Purpose of the Study:
- To develop a novel deep learning (DL) technique for detecting hair and ruler marks in skin lesion images.
- To improve the accuracy of subsequent diagnostic analyses by effectively removing image artifacts.
Main Methods:
- Proposed ChimeraNet, an encoder-decoder DL architecture utilizing EfficientNet and squeeze-excitation residual (SERes) structures.
- Evaluated the model on the HAM10000 (ISIC2018 Task 3) dataset at various image sizes.
- Utilized the Dice loss function for optimization.
Main Results:
- The largest image size (448x448) achieved the highest accuracy (98.23%) and Jaccard index (0.65) on the HAM10000 dataset.
- ChimeraNet outperformed U-Net and ResUNet-a in artifact detection.

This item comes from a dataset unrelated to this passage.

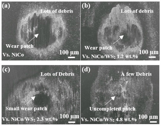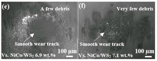 The surface morphology and composition of wear tracks were examined by SEM and EDS respectively. Scoring wear can be found on the pure Ni–Co coating after wear test of 1000 s, as shown in Figure 7. The Ni–Co/WS2 1.2 wt.% composite coating presents a similar wear track surrounded by lots of debris particles. It is worth noting that the surface protrusions of the electrodeposited coating are fragile and easily fractured during the friction process. With the increasing of WS2 content in coating the wear gradually became less severe and finally changed to galling in the case of Ni–Co/WS2 coatings with WS2 content 2.3 wt.% and higher. The wear degree of the Ni-Co/WS2 coating decreases with the increase of WS2 content in coating. The Ni–Co/WS2 7.1 wt.% sample shows only a narrow abrasive wear track with few debris particles. As listed in Table 1, the wear track of Ni–Co coating is composed of 22.1 wt.% Ni, 21.9 wt.% Co, 23.0 wt.% O and 33.0 wt.% Fe. The wear track of the Ni–Co/WS2 7.1 wt.% sample contains a higher WS2 content than that of the resting area on the coating, suggesting that WS2 has a high adhesion ability to the sliding surface. The wear track of the Ni–Co/WS2 7.1 wt.% sample shows a smaller oxygen content of 1.8 wt.% compared to that of pure Ni–Co coating. On the one side, the release of WS2 from the coating matrix reduces frictional heat on the mating surfaces, and on the other, the formation of compact WS2 rich tribofilm separates the coating from the air. These two effects lead to a low degree of oxidation.

- Achieved state-of-the-art accuracy on additional test images compared to eight classical methods.
Conclusions:
- The proposed ChimeraNet architecture demonstrates significant potential for improving the detection of fine structures in dermoscopic images.
- This DL technique can enhance the accuracy of skin lesion analysis by removing obstructive artifacts.
- Further research into DL for dermoscopy structure detection is recommended.